X-Runner wrote:
Pick a specific item you have issue with.
That post describes what it appears like to many people: borrowing against future tax revenues.
But people also think the gold standard could be revived.
Government Debt, as I mentioned in a previous post, is to prevent hyper-inflation as occurred in Germany in the early 1920s.
For thousands of years, Governments issue money.
When sovereigns were short of coin of the realm--more taxes. Think of Richard the Lionhearted, who said he would have sold London if he could find a buyer.
Goldsmiths noticed that only a small portion of people's savings of gold were demanded by check.
Goldsmiths lent out some of the remainder.
As captured in the 1934 film The House of Rothschild, wealthy men lent money to governments for war. They expected to get repaid by increased taxes and whatever spoils. Therefore, the sovereign was no longer sharing the spoils with nobility, but with bankers.
Disconnect the money from the gold standard and bankers control the money supply.

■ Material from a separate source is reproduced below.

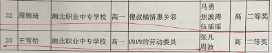 据悉,本次活动以《美好生活 劳动创作》为主题,设立演讲、朗诵两个赛项,通过录制视频的方式参赛。湘北职专趁此机会,将比赛作为展示中职学生能力和风采的好舞台,聘请专家专门指导,郑铭琪、于司雨、马勇、张凡4位指导老师精心打磨作品,刘金枚、熊佳两位同学勇夺朗诵比赛高中组一等奖,周锦琦、王雪怡两位同学获演讲比赛高中组二等奖。

But if the government still issues money, then hyper-inflation can result and bankers suffer.
1920s Germany was a classic example, but in the new millennium Zimbabwe has faced this crisis twice.
Having bankers issue money--such as a federal reserve note--makes the government pay for currency, instead of government printing money. This innovation was from JD Rockefeller Sr. in the US, and the Rothschilds in Europe.
Therefore, the government debt is a promise to 'reduce the money supply' in the future.
This is supposed to impact on the psychology of the public, so that hyper-inflation doesn't wipe-out bankers' profits.
It's all smoke-and-mirrors, like The Wonderful Wizard of Oz (Baum's book on money supply and gold, as gold is abbreviated 'oz').